Using Tokens As Incentives

Hello, this is Hall T. Martin with the Startup Funding Espresso -- your daily shot of startup funding and investing.

Tokens bring a new layer of value to the internet startup.

Startups can provide incentives to their prospective users to help grow the startup’s network and provide value.

In the Web2 world, the startup founder must solve the chicken and egg problem by attracting users to the network before there’s a network to join.

These companies offered free services and products in exchange for user engagement.

Over time, this could grow into a bigger network providing more value to the user.

Network effects and their benefits kick in after the network gains scale.

In the Web3 world, the startup can provide tokens at no cost to the user to join.

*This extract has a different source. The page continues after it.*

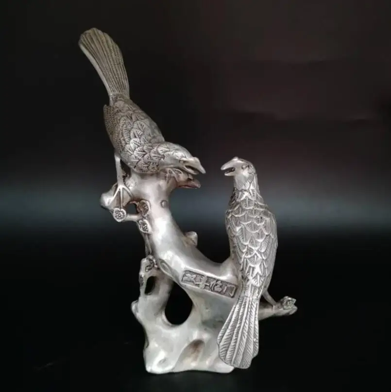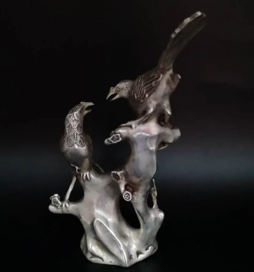 China White copper magpie alighted on plum branch crafts statue

This accelerates the growth of the network by giving users something of value at no cost.

Unlike the Web2 world, Web3 provides tokens in return for the user’s engagement.

The token incentives give the user some value that they can retain and use after they’ve joined the network.

The Web2 world depends on people giving their time, content, identity and other assets in exchange for a short-term use of the product.

Web3 layers a new level of value into the process by giving a token which the user maintains even after they’ve joined.

 

Thank you for joining us for the Startup Funding Espresso where we help startups and investors connect for funding.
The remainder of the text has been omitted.